Immunocytochemistry showing the localization of cGK1 in PKC-positive On bipolar cells. PRL, Photoreceptor layer; ONL, outer nuclear layer; OPL, outer plexiform layer; INL, inner nuclear layer; IPL, inner plexiform layer; GCL, ganglion cell layer. A, Left, Expression of cGK1α in the layers of a 15-μm-thick retinal section. Right, Preincubation with an antibody-specific peptide blocks cGK1α staining. Scale bars, 25 μm. B, Left, Staining pattern of cGK1β in a 15-μm-thick retinal section. cGK1β shows an expression pattern similar to cGK1α but is also present in the inner plexiform layer. Right, Preincubation with an antibody-specific peptide blocks cGK1β staining. Scale bars, 25 μm.
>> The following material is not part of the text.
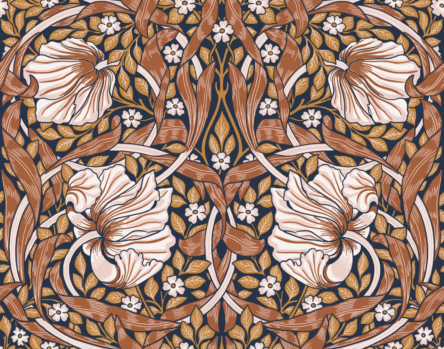 Immerse yourself in the timeless elegance of "Pimpernel by William Morris 19." This captivating wallpaper showcases a breathtaking Art Nouveau design, featuring a richly textured interplay of stylized pimpernel blossoms in soft blush and creamy white. Intricate, flowing brown and gold leaves and ribbon-like tendrils create a mesmerizing pattern against a deep navy background. The design's delicate details and harmonious color palette evoke a sense of refined sophistication and tranquil beauty, perfect for adding a touch of classic artistry to any space. This wallpaper is a testament to William Morris' enduring legacy of exquisite floral patterns.

C, Left, Immunocytochemistry in a 15-μm-thick section of mouse retina, visualized with confocal microscopy. cGK1α or -β (green) are expressed in 86% of PKC-positive cells (red) (n = 71). Right, cGK1α/β, single channel. Staining is evident in the outer plexiform layer and in the inner nuclear layer, as well as in the inner plexiform layer, the ganglion cell layer, and the photoreceptor layer. Scale bars, 20 μm. D, Confocal imaging of On bipolar cells in a 0.5 μm section of mouse retina. Cells are labeled for PKC (left), cGK1α (middle), and merged (right; PKC, red; cGK1α, green). cGK1α is expressed in the plasma membrane, the cytosol of the cell body, in the immediate dendritic area, and along the axon. Scale bar, 10μm. E, Confocal imaging of a 0.5 μm section. cGK1β is expressed in the same compartments as cGKα. Scale bar, 10 μm.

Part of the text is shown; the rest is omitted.